PSEUDOSECTION MODELS FOR EVALUATING THE GROWTH, CONSUMPTION AND ZONING OF METAMORPHIC GARNET DURING PARTIAL MELTING, FIORDLAND NEW ZEALAND
Partial melting introduces a new phase, dehydrates the protolith, and produces new minerals. The complication of partial melting requires investigation of both the protolith and melt. In this study, we first determine representative EBC critical to the construction of useful models. Second, we determine a reasonable water content for each EBC by producing T vs. H2O diagrams at isobaric conditions. To evaluate the effects of partial melting, we use bulk compositions for the unmelted host, the partially melted rock (GRZ) and melt. Changing bulk compositions allows only one other intensive variable and models are either isothermal or isobaric.
T vs. EBC phase diagrams for monzodiorite from the Misty Pluton of the Western Fiordland Orthogneiss with localized partial melting illustrate this approach. The sample contains a peritectic garnet selvage with subhedral oscillatory Grs and Prp zoning and anhedral resorbed grains with high Grs cores and low Grs rims which separates the GRZ from the leucosome. The pseudosection provides a means for evaluating the conditions required to nucleate garnet, produce Grs zoning, and resorb garnet proximal to the leucosome.
Single oscillations in Grs (low - high – low) can be explained by changing EBC from the host to the leucosome. In addition, the predicted garnet modes show resorption would occur as the EBC changed from the GRZ to the leucosome. This example shows that high Grs rims could be produced under isobaric conditions and requires re-evaluation of P increases based on this zoning.

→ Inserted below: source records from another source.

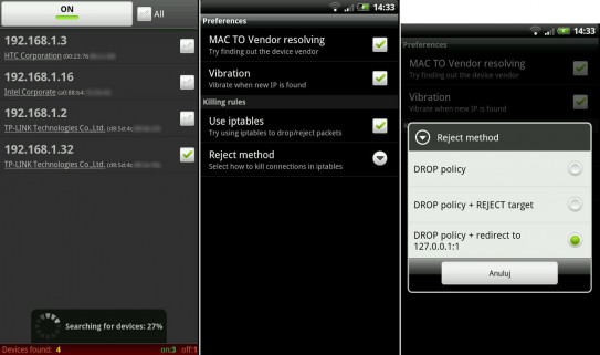 Mit WiFiKill ist das jedenfalls kein allzu großes Problem mehr, denn die Android App zeigt alle in das WLAN Netzwerk angemeldeten Clients an, sogar den Hersteller des Gerätes kann man sehen. Auf diesem Wege lassen sich unbekannte, unliebsame und allerlei andere unerwünschte Teilnehmer im eigenen WLAN kicken, um wieder die volle Bandbreite für sich zur Verfügung zu haben.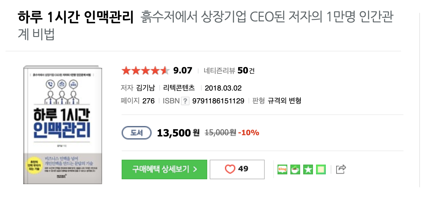 위의 책이다. 뭐 책을 홍보하려는 생각도 없고, 인맥관리라고 네이버에 검색만 해보면 이 책이 가장 상위에 링크되어 나온다. 아무튼 흙수저에서 인맥관리만을 통해서 상장기업 CEO가 되신 김기남님께서 쓰신 책인데, 관리하는 인맥만 3000명에 육박하신다고 하신다. ㅎㄷㄷ...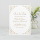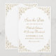 Este elegante cartão de salvar a data de casamento formal, inspirado em vintage, apresenta o texto em fontes douradas de script e serif, emoldurado por um delicado motivo de videira dourada vintage. A moldura é repetida no verso.
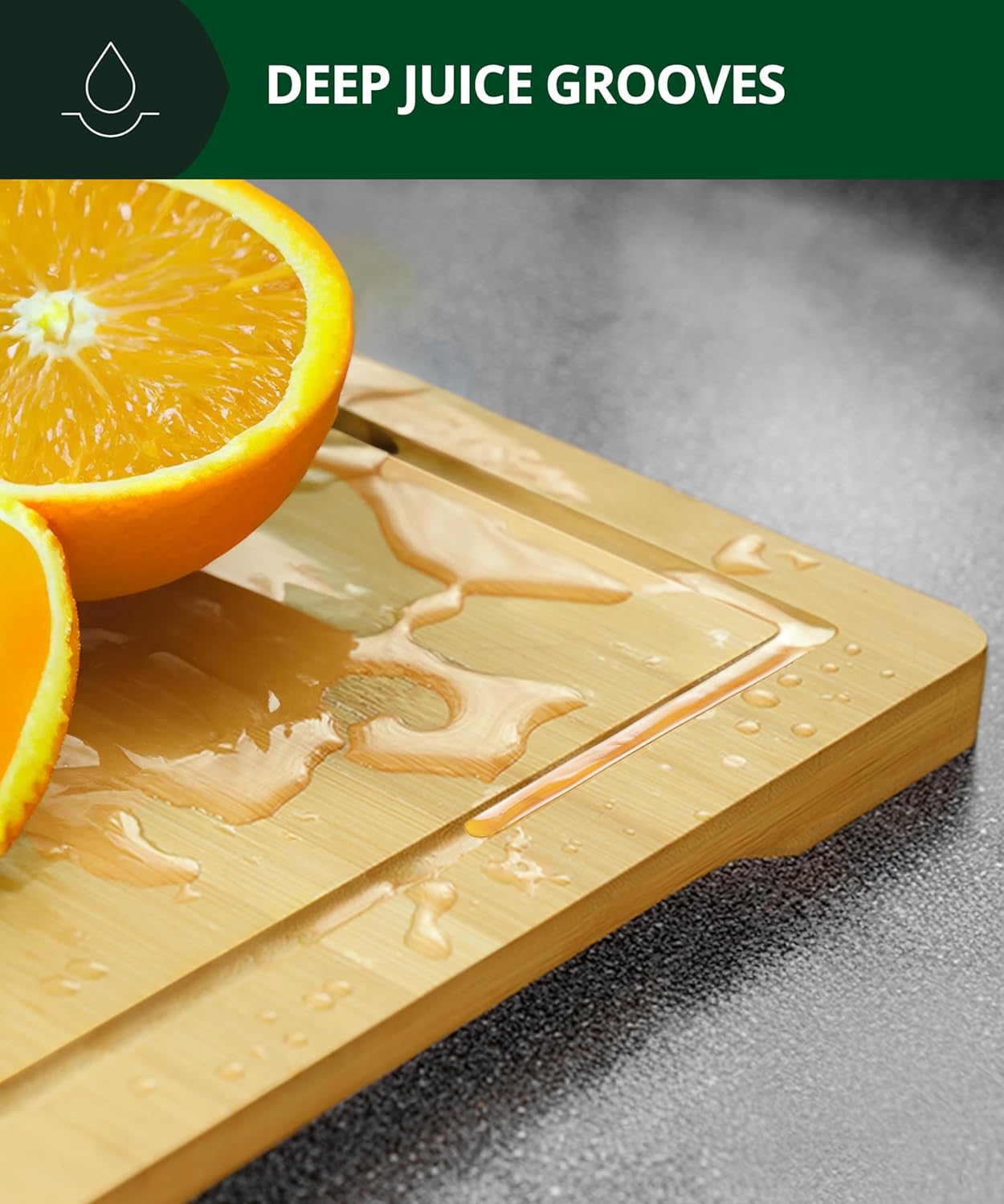 - ECO-FRIENDLY: Made from 100% natural bamboo, our board is sustainable and environmentally friendly. The durable construction, reinforced with a special resin seal, ensures the board resists cracking, warping, or splitting. Plus, it's slip-resistant for safe slicing and dicing without worry.

Phase diagrams, produced with programs like THERIAK-DOMINO, have increased our understanding of Earth’s interior and tectonic processes. Forward models in P-T space can be used to construct isochemical P-T paths for metamorphism. However, pseudosections incorporating variable effective bulk compositions (EBC) are needed to help explain some mineral zoning and complex processes like partial melting.